If you are a photographer just getting started in the wedding industry, you know there is much more to photographing the wedding that just taking pretty pictures of the bride and groom. For most couples, it is a celebration of their union and their families are there to celebrate with them. Some of them may travel a long distance to be there, and it’s a rare opportunity to get together. For those reasons, it is usually expected that the  wedding photographer also take large family group shots.

 Being comfortable taking charge and commanding a group will get easier with time, as well as knowing how to photograph those big groups.  To help get you started, I’ve made a list of my TOP 5  things to do to get those large groups quickly and efficiently taken so you can move on to the focus of the day.. The bride and groom

  1. Communication with the couple. Clearly communicate to the bride or wedding planner that the family shots need to be at a certain place and time. Then make sure (you can even put this in your contract) that they understand that it is THEIR responsibility to communicate this to the family. They may choose to do it as an insert in their invitations, a family Facebook group, individual emails or a group chat (although I’d love to see less phones at weddings). Be clear that you will start on time.
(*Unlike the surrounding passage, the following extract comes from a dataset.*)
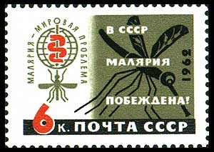 Stamp of USSR, number 2856. Painter - Ye. Aniskin

  2. Choose a location with best possible even lighting  that allows for some stacking and tiering of the family if necessary: Steps, a slope, staggered rocks. The point is that you don’t want to have everyone on the same plane in one long line, nor do you want to have those standing in the back to not be seen.
  3. Group large groups no more that about 10 people wide on the front row. Make sure that the people in the back row(s) are staggered between shoulders, not one head directly over another like a totem pole.  If they can’t see you when shooting, you won’t be able to see them well either.
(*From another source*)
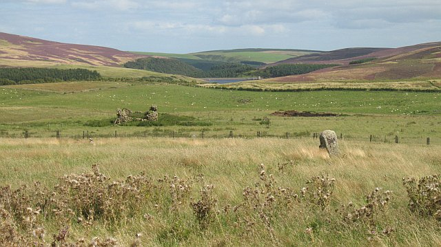 Chapel Stone Standing stone amongst thistles with the ruins of Grange beyond.

  4. Be direct and clear in giving directions:  “Ok, we need bride and groom right in the center here, with each of your parents on your side. Next  them we would like grandparents. All you kids, you can stand right here (show them) or sit in a row along the front right here(direct). Do not be bossy, but be direct so they are clear on what you want.
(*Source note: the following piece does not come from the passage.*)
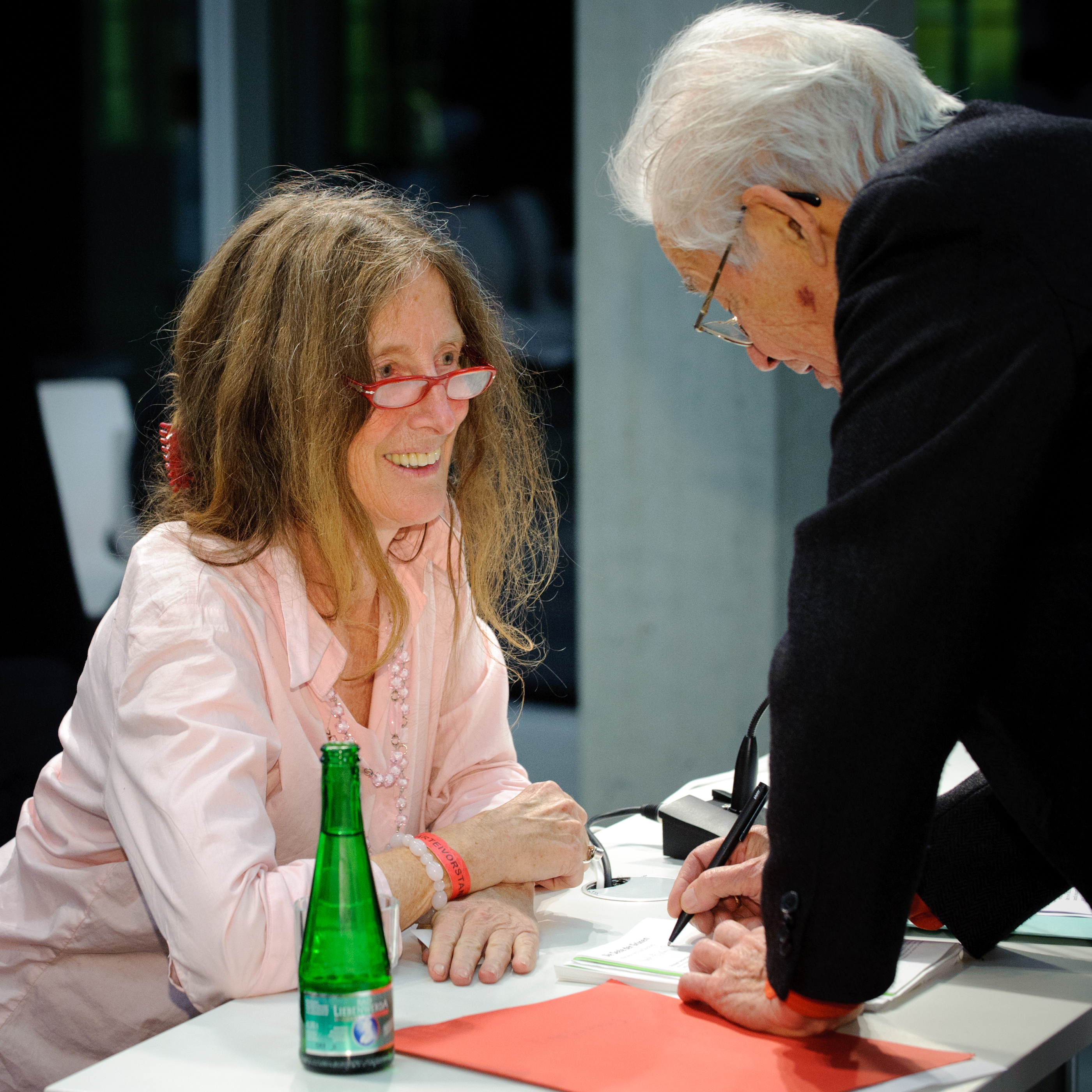 Eva Quistorp Foto: CC-BY-SA Stephan Röhl

  5. Once everyone is assembled with both sides of the family (the BIGGEST group you will do). Let them know how  you will group people after that for efficiency. “Smith Family: anyone here for the groom, after this photo I’m going to ask you to please step off to the left while we shoot the Brown Family. If you are a grandparent, parent or sibling of the groom, please stay close as we will photograph you quickly. Anyone else except the bridal party is free to go ” (or whatever works in your case). Then turn to the still standing brides family: ” We are going to quickly take some family photos of the bride and all the Brown family. If you are NOT a parent, grandparent or sibling of the bride, you are free to go”. The proceed to arrange and photograph the brides side. When finished, unless you need the parents for a shot of both sets of parents, let them know you are finished with them.

   Remember this: Elderly people and babies don’t like to wait around long, especially if it’s hot, if they are hungry,  have a hard time standing or anything  like that. Shoot the grandparents and siblings with kids first.